*** TASK INPUTS ***

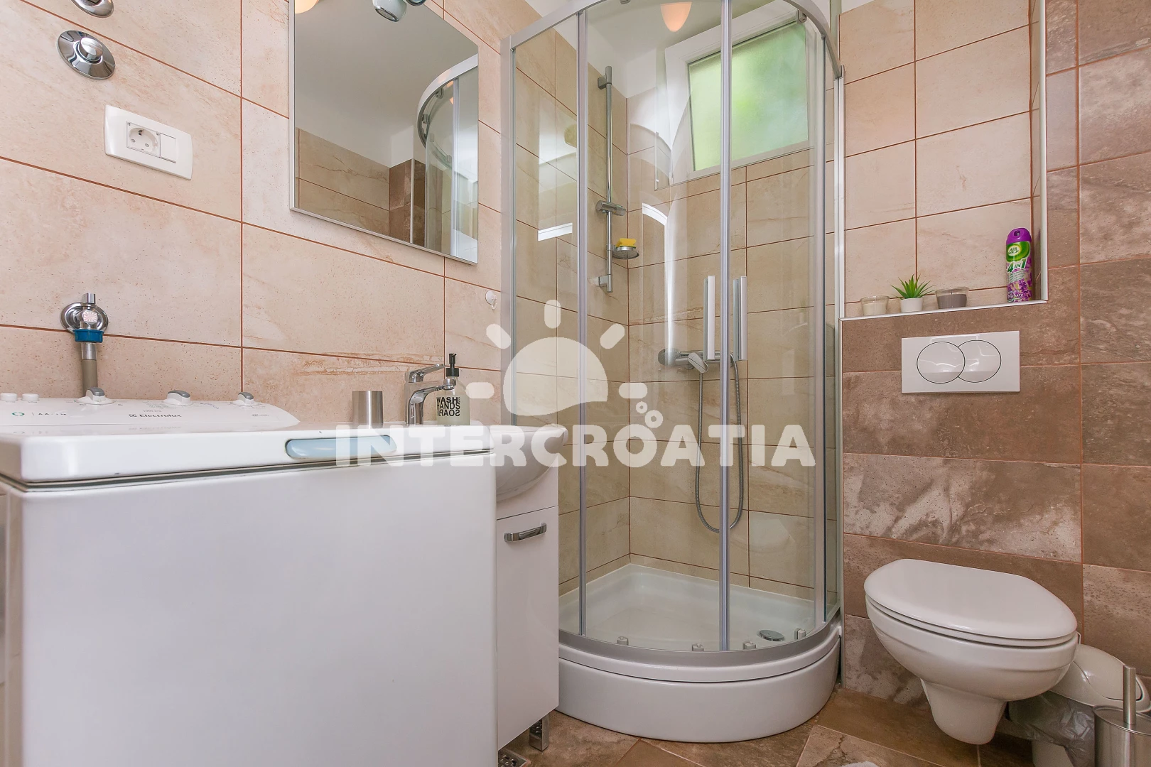 Vzdálenosti: Moře 90 m, pláž 250 m (oblázky), bar 30 m, ambulance 50 m, supermarket 80 m, veřejná doprava 290 m, restaurace 350 m, směnárna 420 m, muzeum 420 m, pošta 420 m, centrum 420 m, půjčovna motorových člunů 420 m, banka 420 m, lékárna 420 m, potápění 1 km, půjčovna kol 1,4 km, čerpací stanice 1,4 km, mini golf 7 km, diskotéka 35 km, trajekt (Split) 35 km, letiště (Split) 50 km,
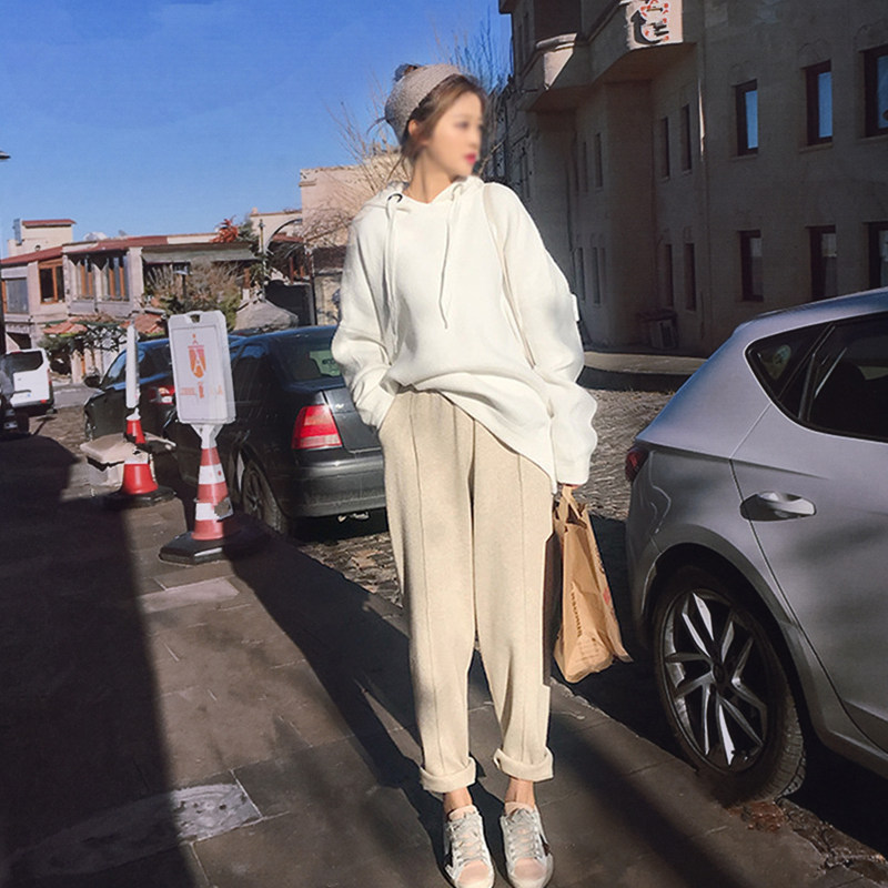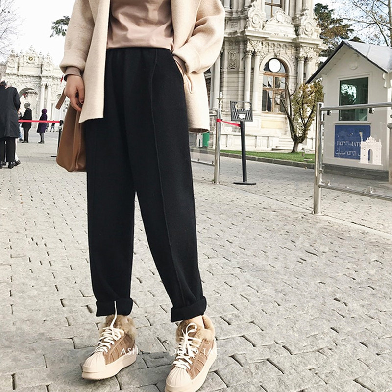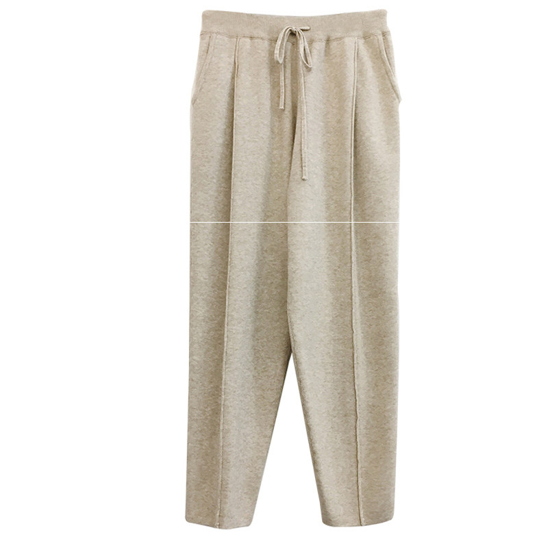 Large size width pants woman autumn winter 2020 new knitted granny pants Fat younger sister easy to thicken hair cropings pants
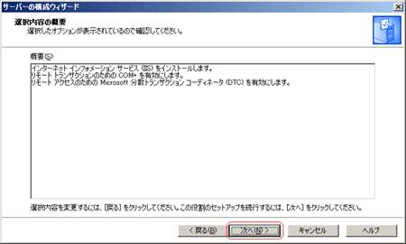 [Front Pageサーバー拡張]のチェックがついているときははずして、[次へ]ボタンをクリックします。
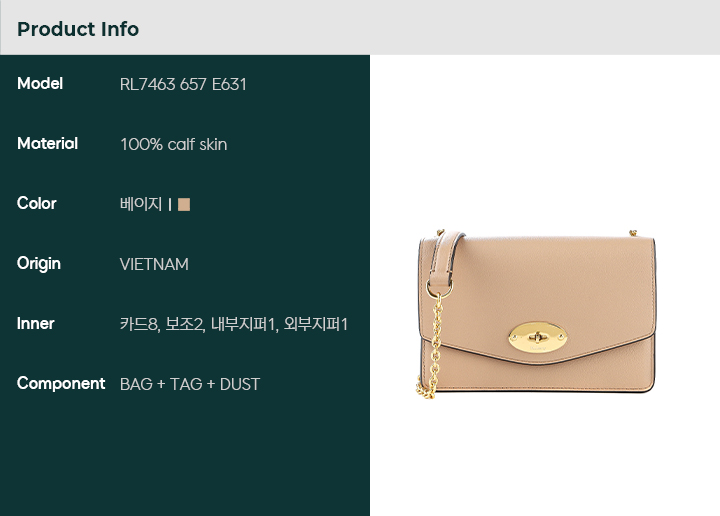 (현대Hmall)멀버리 (RL7463 657 E631) 여성 스몰 달리 체인 크로스백
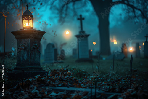 © Oleksandr, Fototapeta premium Fantastically mysterious cemetery with tombstones and terribly scary atmosphere, abstract vivid composition consists of fictional unreal fantastic vision on background
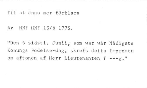 Til at ännu mer förklara Av HN? DN? 13/6 1775. //// "Den 6 sidstl. Junii, som war war Nådigste Konungs Födelse-dag, skrefs detta Impromtu om aftonen af Herr Lieutenanten T ---g."
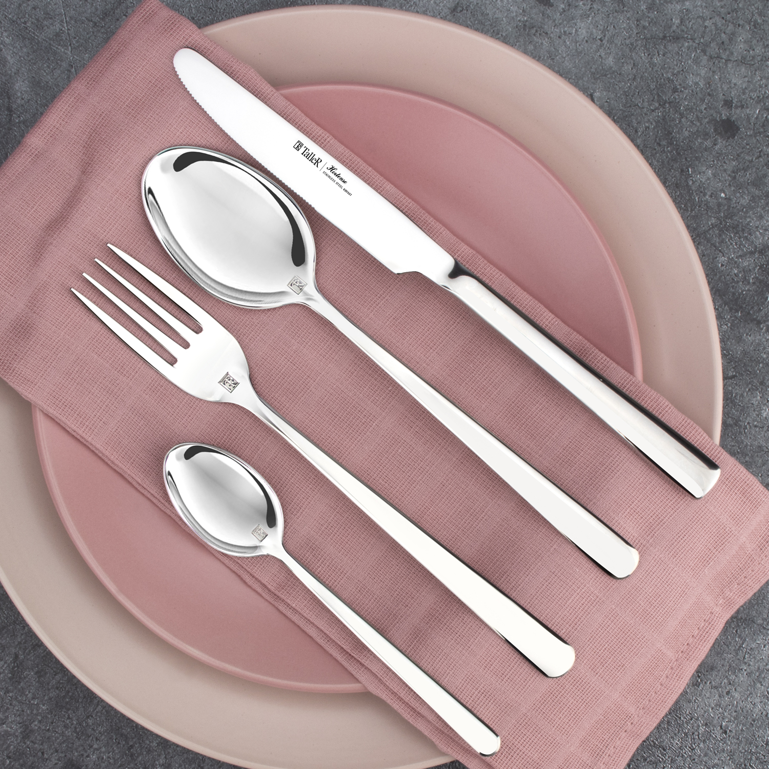 Столовые приборы отличаются идеальной обработкой кромки и высоким качеством полировки. Отлично сбалансированные ручки приборов позволяют приборам удобно ложиться в руку.
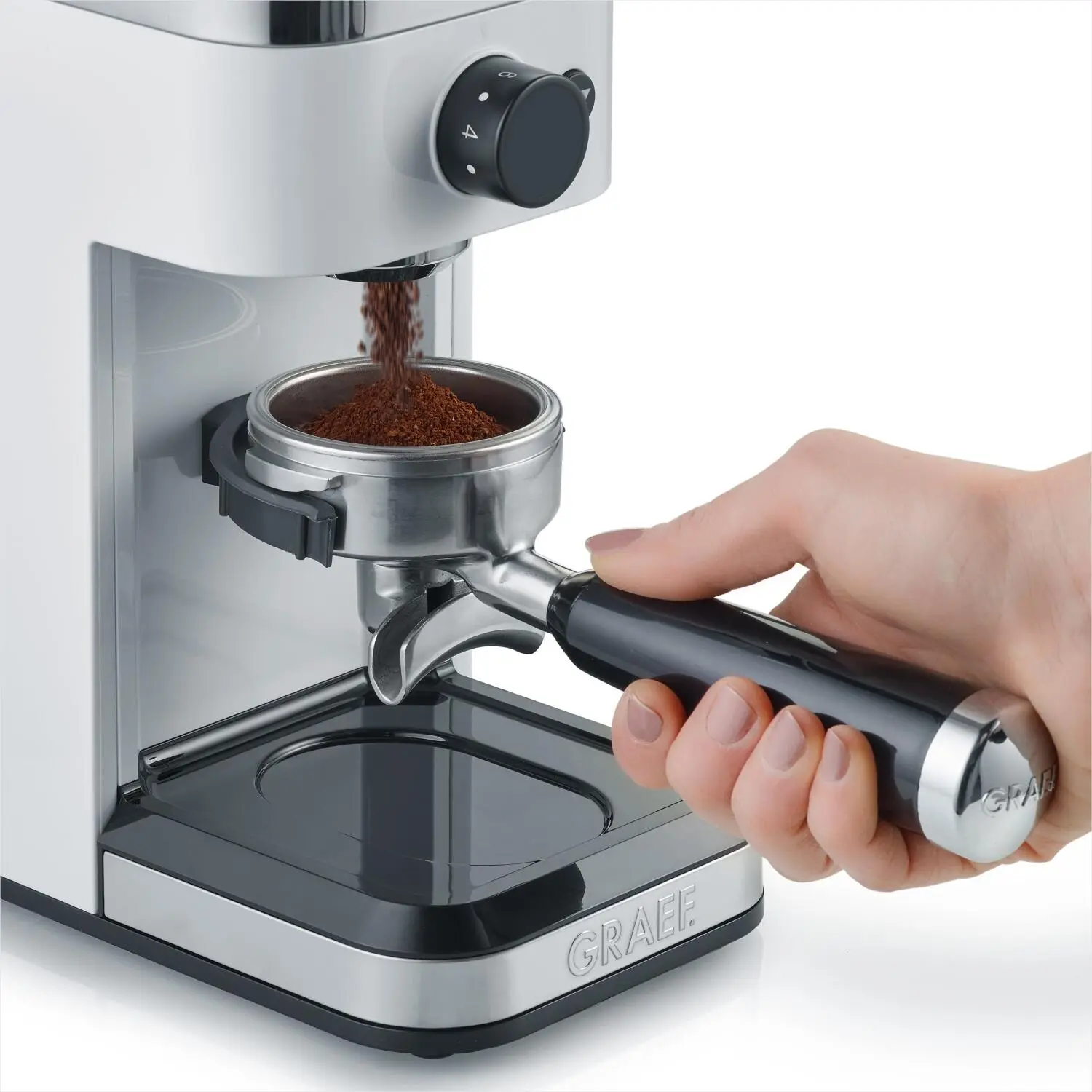 Die Kaffeemühle CM 501 von GRAEF besitzt ein Edelstahl-Kegelmahlwerk. Das Kegelmahlwerk hat den Vorteil, durch geringe Drehzahlen keine oder wenig Hitze zu erzeugen, dadurch ist das Mahlen aromaschonender. Der auf 140 Stufen einstellbare Mahlgrad bildet die Grundlage für den individuellen Kaffeegenuss. Es kann direkt in den Siebträger, den Kaffeefilter oder den Kaffeemehlbehälter gemahlen werden. Dank der ’Grind on Demand’-Funktion, also die automatischen Mahlfunktion für Siebträger, stimmen Sie die Kaffeemehlmenge ganz individuell auf Ihre Bedürfnisse ab. Sie halten den Siebträger einfach so lange an den Kontaktschalter bis er voll ist. Es gibt nichts über frisch gemahlene Kaffeebohnen mit vollstem Aroma.

*** End of TASK INPUTS ***

* **WORK INSTRUCTIONS**:
Lines from the one containing "vision on background" through the final line of the entries above are to be retyped exactly, with every picture left out.

* **RESPONSE BELOW**:
 © Oleksandr, Fototapeta premium Fantastically mysterious cemetery with tombstones and terribly scary atmosphere, abstract vivid composition consists of fictional unreal fantastic vision on background
 Til at ännu mer förklara Av HN? DN? 13/6 1775. //// "Den 6 sidstl. Junii, som war war Nådigste Konungs Födelse-dag, skrefs detta Impromtu om aftonen af Herr Lieutenanten T ---g."
 Столовые приборы отличаются идеальной обработкой кромки и высоким качеством полировки. Отлично сбалансированные ручки приборов позволяют приборам удобно ложиться в руку.
 Die Kaffeemühle CM 501 von GRAEF besitzt ein Edelstahl-Kegelmahlwerk. Das Kegelmahlwerk hat den Vorteil, durch geringe Drehzahlen keine oder wenig Hitze zu erzeugen, dadurch ist das Mahlen aromaschonender. Der auf 140 Stufen einstellbare Mahlgrad bildet die Grundlage für den individuellen Kaffeegenuss. Es kann direkt in den Siebträger, den Kaffeefilter oder den Kaffeemehlbehälter gemahlen werden. Dank der ’Grind on Demand’-Funktion, also die automatischen Mahlfunktion für Siebträger, stimmen Sie die Kaffeemehlmenge ganz individuell auf Ihre Bedürfnisse ab. Sie halten den Siebträger einfach so lange an den Kontaktschalter bis er voll ist. Es gibt nichts über frisch gemahlene Kaffeebohnen mit vollstem Aroma.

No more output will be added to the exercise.